Ghaderi, Z., Nazari, F., Shaygannejad, V. · Iranian Journal of Nursing and Midwifery Research · 2021
Fatigue severity did not differ between case and sham groups before intervention (p=0.67), but was significantly lower in the EFT group immediately after (3.05 vs. 5.15) and 4 weeks after (3.10 vs. 5.59) the intervention (p<0.001).
Picture someone living with multiple sclerosis, whose fatigue limits basic daily activities in ways medication doesn't fully address. If this sham-controlled finding holds up, tapping could offer people with MS a genuinely self-administered way to manage fatigue between neurology appointments — learned once, then used at home for free, without adding another medication to an already complex treatment regimen.

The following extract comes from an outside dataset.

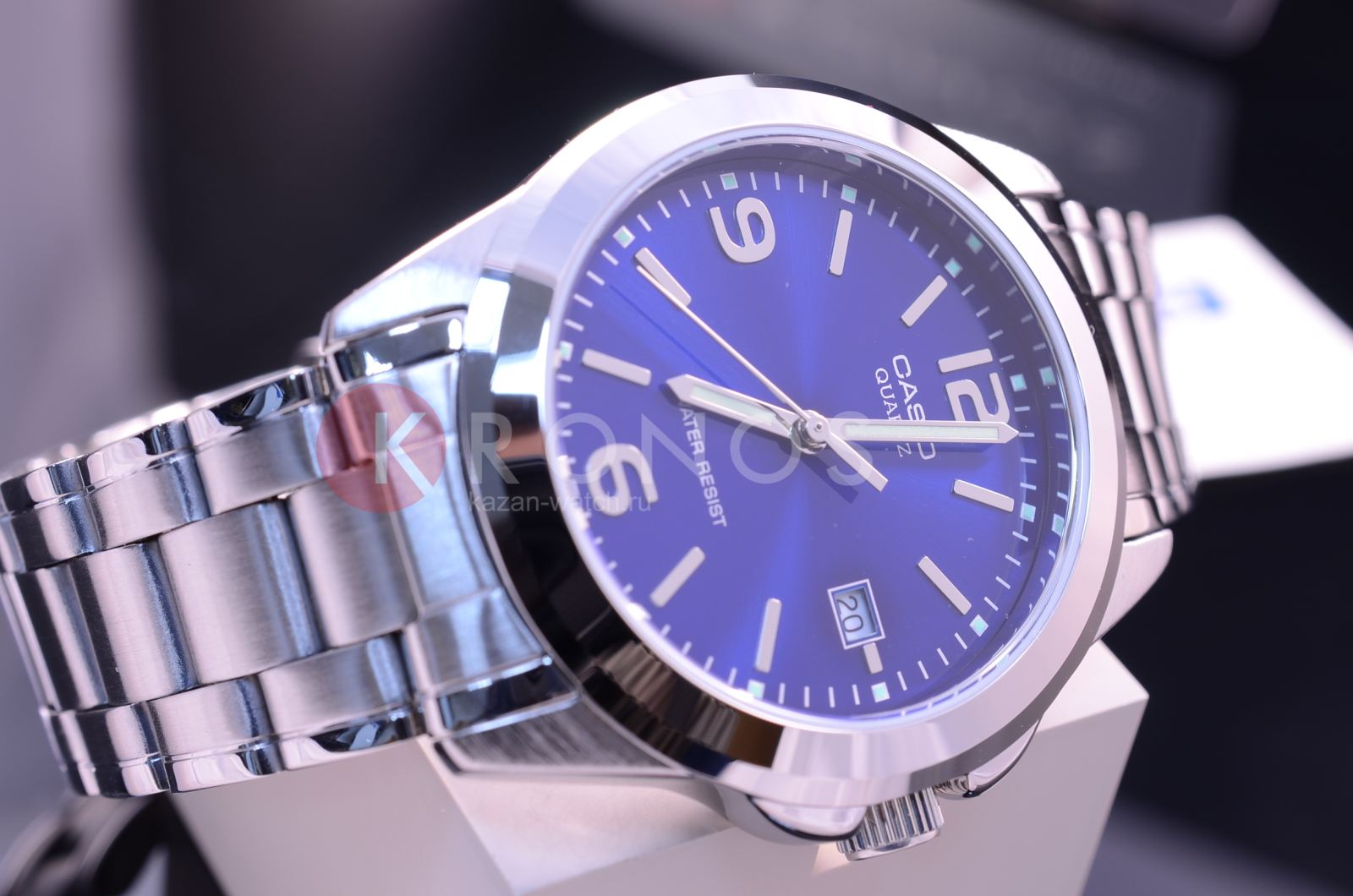 Данная модель от Casio придется по вкусу ценителям высокого качества, комфорта и сдержанного дизайна. Корпус выполнен из латуни. Стальной браслет прочно обхватывает запястье и закрепляется с помощью раскладывающейся застежки. Синий циферблат традиционной формы обрамляет аккуратный безельБезельВнешний ободок, закрепляющий стекло. В спортивных часах так называется поворотное кольцо с делениями на циферблате, выполняет роль таймера – замеряет отрезки времени на шкале. Неподвижный безель – элемент декора. Однонаправленно вращающийся безель на дайверских часах позволяет фиксировать моменты погружения и выныривания на поверхность.. Есть небольшое окошечко с календарем. Крупные отчетливые временные отметки сделаны в виде штрихов и арабских цифр. Подсветка NeobriteПодсветка NeobriteИспользование светонакопительных составов на основе сульфида цинка или алюмината стронция, яркий свет можно наблюдать на протяжении 6-10 часов после «зарядки» часов около источника света. обеспечивает видимость показателей в темное время суток. Тип механизма - кварцевый. Вес составляет 92 грамма.

MS fatigue has real inflammatory drivers, so the next step is checking whether tapping's edge over sham tapping shows up in inflammatory cytokines like IL-6 and TNF-alpha, or in cortisol patterns, alongside the Fatigue Severity Scale. Actigraphy could replace self-reported fatigue with objective daily activity tracking, and neuroimaging of fatigue-related brain regions would help clarify whether something measurable is shifting in the central nervous system rather than just perceived exhaustion. A longer follow-up beyond four weeks would also show whether the gain holds as the disease continues its course.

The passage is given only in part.